→ INPUT DATA
•••

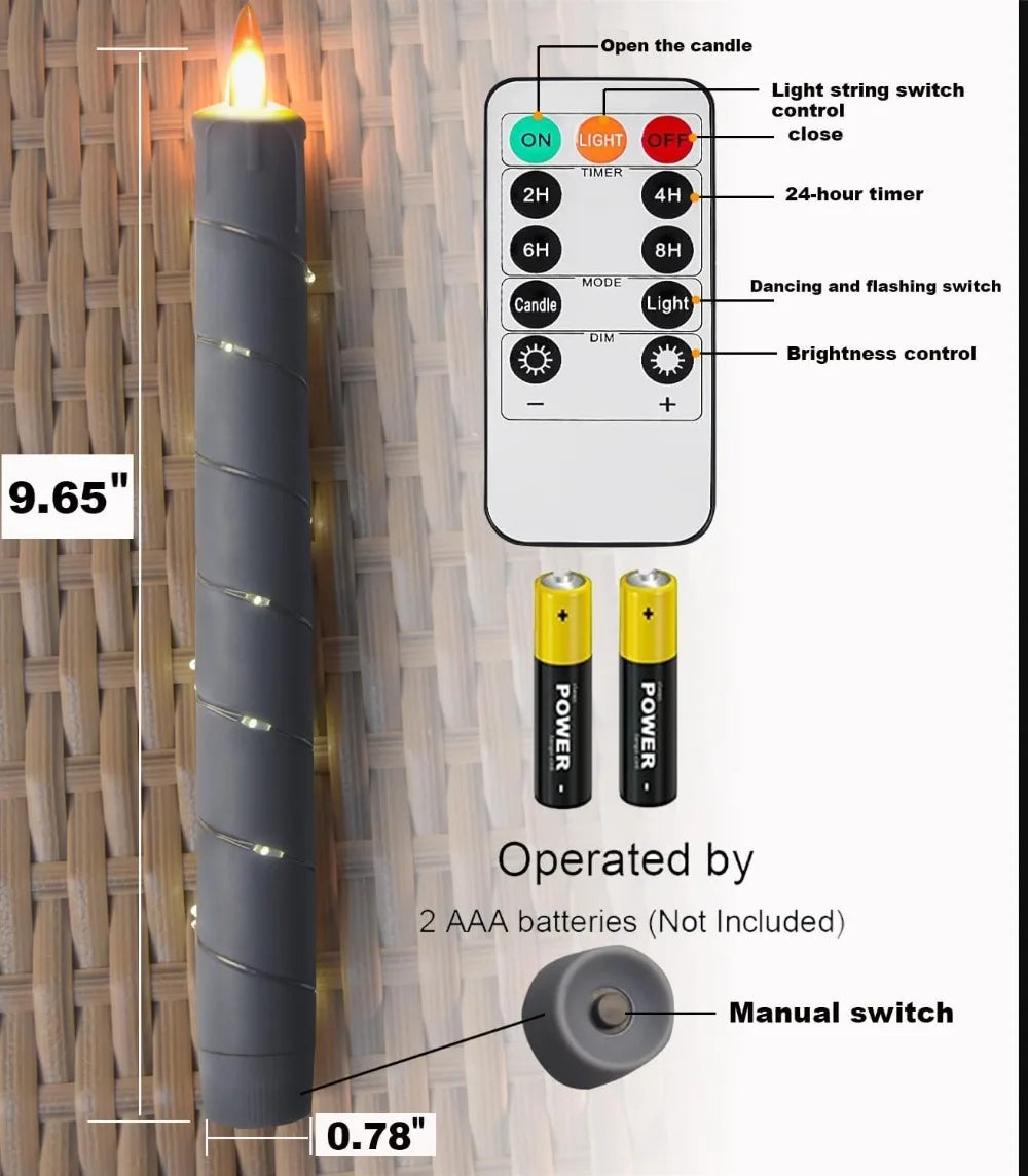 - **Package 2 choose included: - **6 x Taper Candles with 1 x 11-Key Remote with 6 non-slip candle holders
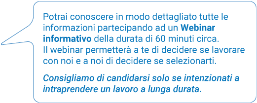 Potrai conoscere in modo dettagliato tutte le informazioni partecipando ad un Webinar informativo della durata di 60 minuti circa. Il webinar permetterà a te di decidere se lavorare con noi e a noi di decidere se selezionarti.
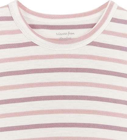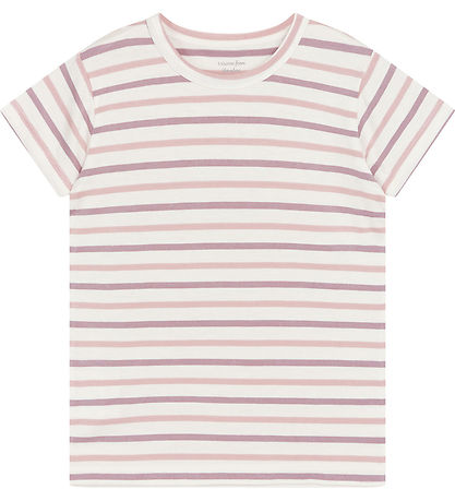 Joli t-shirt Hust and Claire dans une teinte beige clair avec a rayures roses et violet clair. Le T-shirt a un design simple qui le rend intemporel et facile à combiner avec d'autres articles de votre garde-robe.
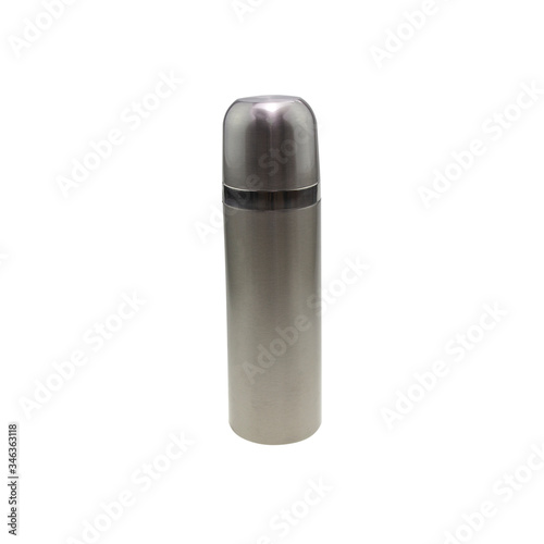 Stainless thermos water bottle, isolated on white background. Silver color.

•••

→ WHAT THE TASK ASKS
Your task is to repeat the material above exactly, without its pictures.

→ ANSWER BELOW
 - **Package 2 choose included: - **6 x Taper Candles with 1 x 11-Key Remote with 6 non-slip candle holders
 Potrai conoscere in modo dettagliato tutte le informazioni partecipando ad un Webinar informativo della durata di 60 minuti circa. Il webinar permetterà a te di decidere se lavorare con noi e a noi di decidere se selezionarti.
 Joli t-shirt Hust and Claire dans une teinte beige clair avec a rayures roses et violet clair. Le T-shirt a un design simple qui le rend intemporel et facile à combiner avec d'autres articles de votre garde-robe.
 Stainless thermos water bottle, isolated on white background. Silver color.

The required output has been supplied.